Sponsored Content Submission Plugin – Technical Specifications
Plugin Overview
A standalone WordPress plugin to enable non-logged-in users (authenticated through a custom system) to:

Submit sponsored content (title, body, image, company, contact, links).

Pay via Stripe before submission.

Store all submissions securely in a separate Google Cloud SQL database (not WordPress DB).

Allow admin approval/rejection through a custom dashboard.

Stipulations (Non-Negotiable Requirements)
No WordPress User System

Do not use wp_users or wp_login.

Authentication will hook into an external system (specs included in HubHawaiiAuthentication_Specs.txt).

No WordPress Database Storage

Do not use WP tables (wp_posts, wp_options, etc.).

All submission content, user data, and status tracking will be stored in a Google Cloud SQL (MySQL) database.

Plugin will connect to this DB via secure credentials (to be added separately).

No Dofollow Links

All URLs in sponsored posts will be automatically rewritten to include rel="nofollow sponsored".

Admin Approval Required

Submissions must be manually approved before being shown.

Admin dashboard should list submissions from the external DB with approve/reject buttons.

User Flow
Sponsored Content Submission Form

Fields:

Business Name

Contact Name + Email

Article Title

Body Text (WYSIWYG or Markdown)

Upload Image (1 max – store in /wp-content/uploads/sponsored/)

External Links (max 2)

Submission triggers:

Validation

Stripe Checkout (amount based on pricing tier)

On payment success, content is saved to the Google Cloud SQL DB with status = pending_review.

Admin Review Dashboard (WP Admin > Sponsored Content)

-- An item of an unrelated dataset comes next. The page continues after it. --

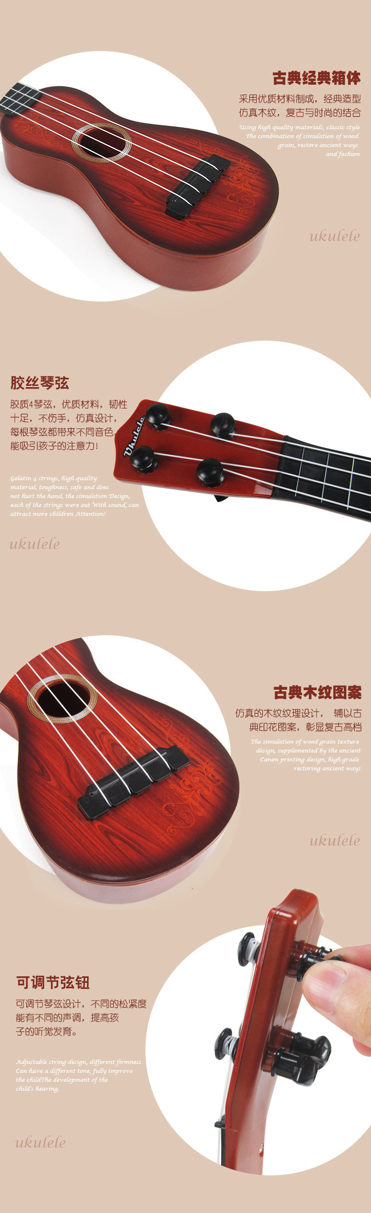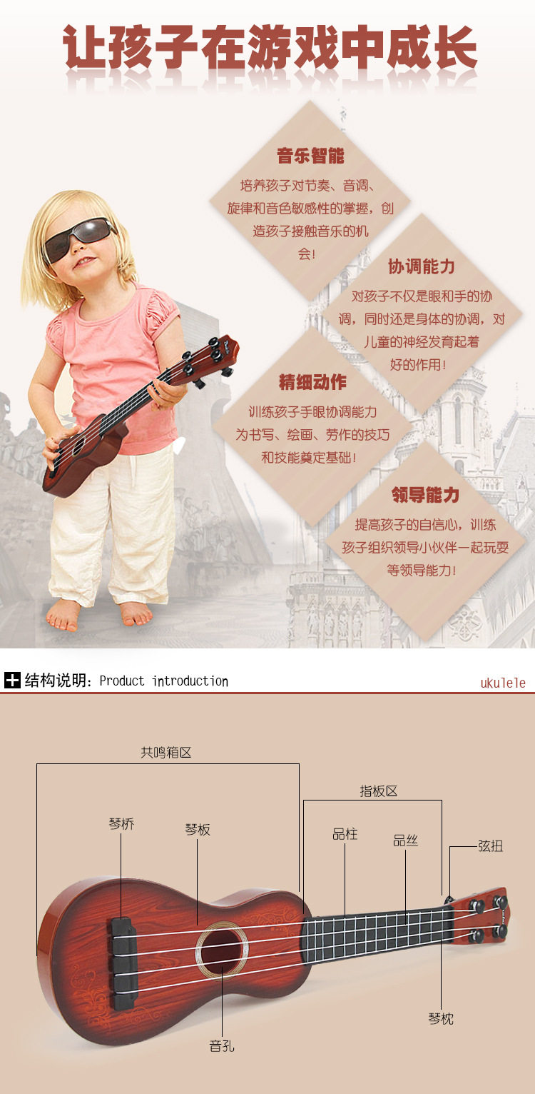 地摊热卖可弹奏吉他玩具卡通尤克里里儿童乐器小礼品益智玩具批发

List of all submissions (pending, approved, rejected)

Ability to:

Preview content

Approve (status → approved)

Reject (status → rejected; optional rejection reason)

Bulk actions support

Frontend Display Block

Only approved posts are shown

Shortcode or block: [sponsored_content]

Display style:

Image + Title + Short Excerpt + “Sponsored by X” + “Read More” link

All links have rel="nofollow sponsored" attribute

Content should be injected via API call to Google Cloud SQL, not via WP queries

Technical Structure
Plugin Directory: sponsored-content


sponsored-content/
├── sponsored-content.php           # Main plugin file
├── includes/
│   ├── gcs-db.php                  # External DB connector (Google Cloud SQL)
│   ├── form-handler.php            # Validates form and saves to external DB
│   ├── admin-dashboard.php         # Custom admin panel for moderation
│   ├── display-shortcode.php       # Frontend display block
│   └── stripe-handler.php          # Stripe integration
├── assets/
│   ├── css/
│   └── js/
├── templates/
│   ├── form-template.php
│   └── sponsored-content-block.php
Security Considerations
All user-generated input is sanitized and validated.

Only authenticated users (from external auth system) can submit.

All DB operations use prepared statements via mysqli or PDO.

File uploads restricted to JPEG/PNG, size limit 2MB, with random file names.

Image storage: /wp-content/uploads/sponsored/ (or GCS bucket if preferred later).

No PHP evals or unescaped HTML allowed in body content.